1778 – The winter season brought reports from the Commander that the works mounted 22 pieces ranging from 42-pdr to 3-pdr guns. In August of that month, works at Telegraph Hill were upgraded by French Marines from D'Estaing's crippled fleet. French activities presumably included the hilltop redoubt, detached batteries, a new 30-gun water battery, new barracks, hospital, and subsequent cemetery (still visible today). A month later, in September, Washington assigned Chief Engineer du Portail to further strengthen the Hull defenses. The French arguably remained on the site in some shape or form through 1780. Smallpox caused the interment of over 200 released French prisoners of war and garrison members in the cantonment's cemetery. A notable survivor and commander at this site at this time was Louis Antoine de Bougainville, a contemporary of James Cook.

In 1782 the fortification was deactivated, and in 1783 the war was over.

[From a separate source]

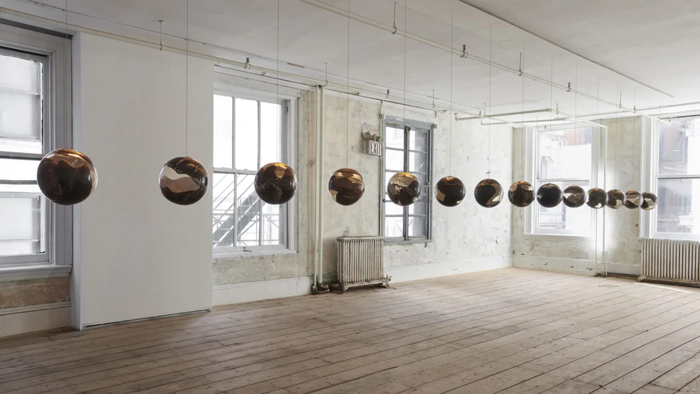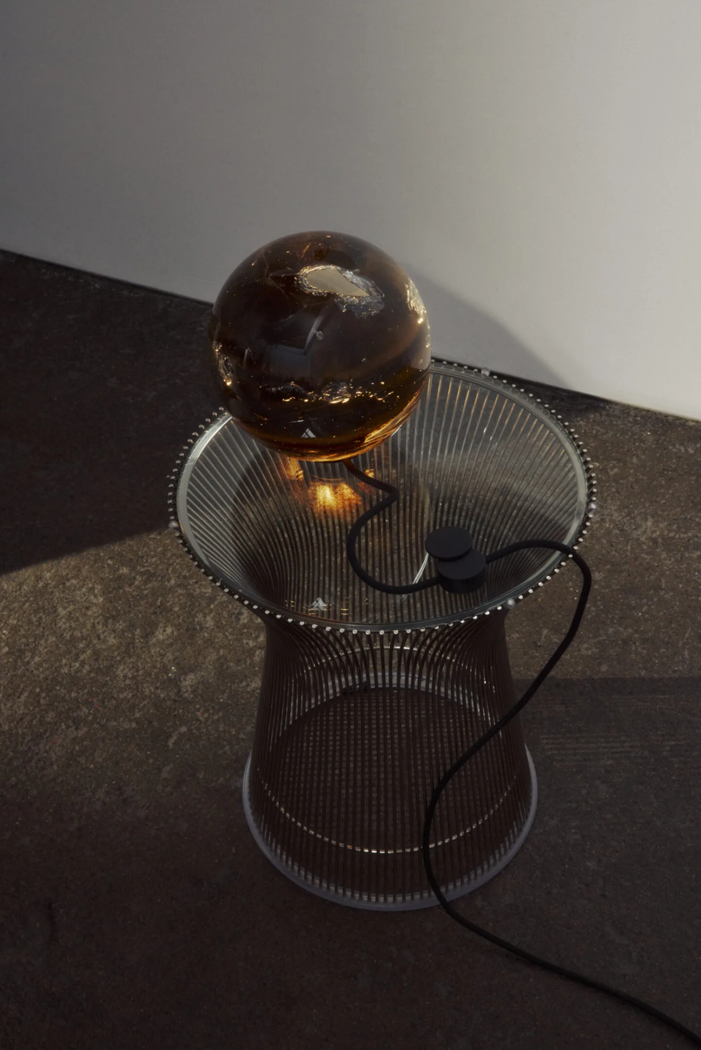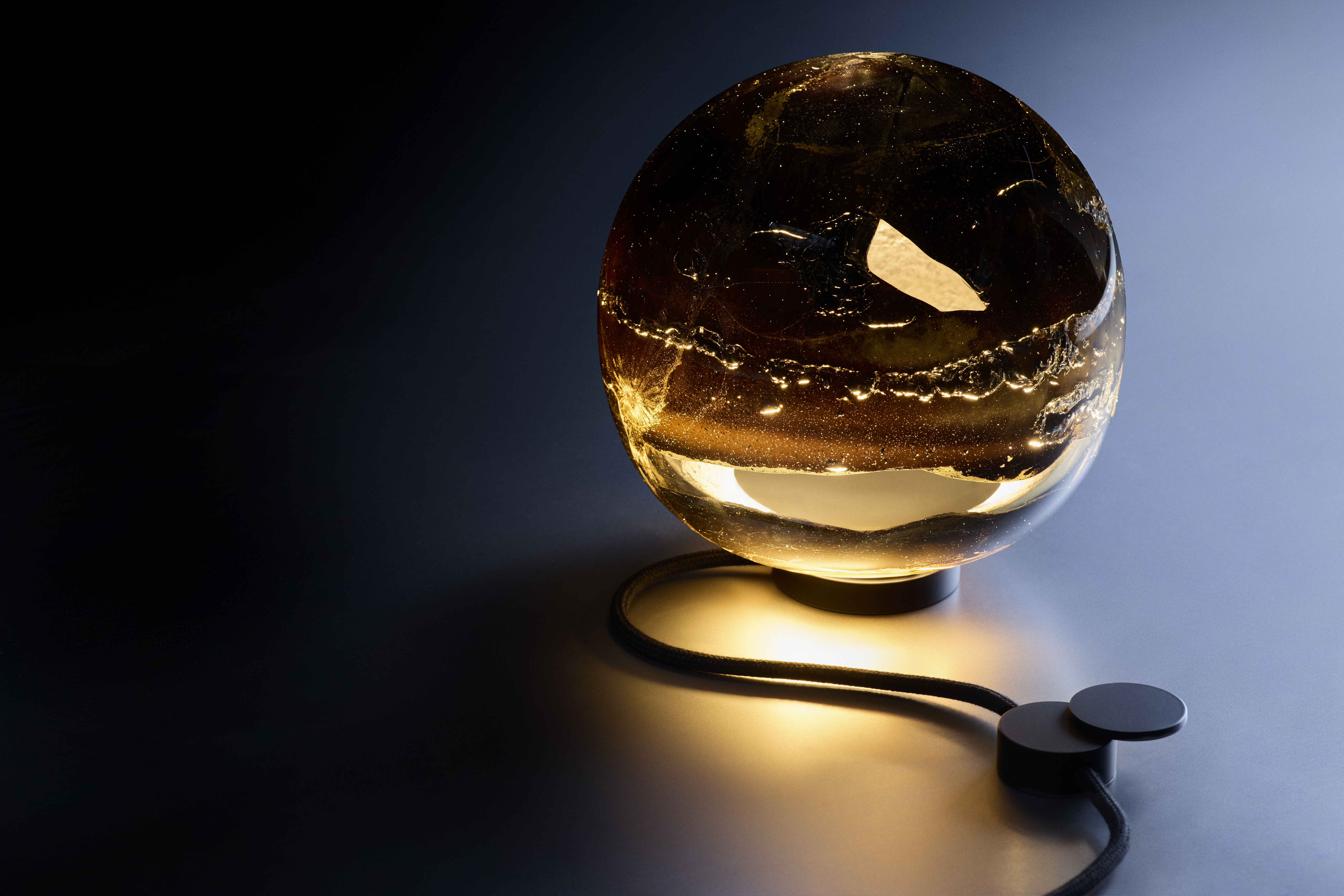 「93」シリーズは、加熱した吹きガラスに溶融アルミニウムを直接流し込むことで制作されます。ガラスの中でアルミニウムが流動し、酸化し、冷却されていく過程で生じる痕跡をそのまま内部に留めることで、圧力や熱、そして変化の瞬間を閉じ込めた造形が生まれます。そのフォルムは彫刻的であると同時に、素材の振る舞いを記録するドキュメントとしての側面も備えています。

1810s – It is speculated that the fortification was not fully reactivated during the War of 1812, however that it was a viable backup in case of emergency.

1813 – Telegraph Hill was used to observe the defeat of Lawrence's USS Chesapeake by HMS Shannon.

1830s – Proposals by the Corps of Engineers "Third System" of seacoast defense included outer harbor defenses at Telegraph Hill with a channel-side water battery secured by expanded fortifications atop the hill, which in turn were supported by additional works on Little Hog Island, and Point Allerton. These works were never built.

1840s – Telegraph Hill was extensively used as a semaphore/flag/electric telegraphy (and eventually radio) station to notify Boston of approaching merchant vessels. An observation tower was built within the old earthworks. (This is not the water tower seen today.)

1850s – Telegraph Hill saw little use during the Civil War other than its important and ongoing role as a surveillance and communications point.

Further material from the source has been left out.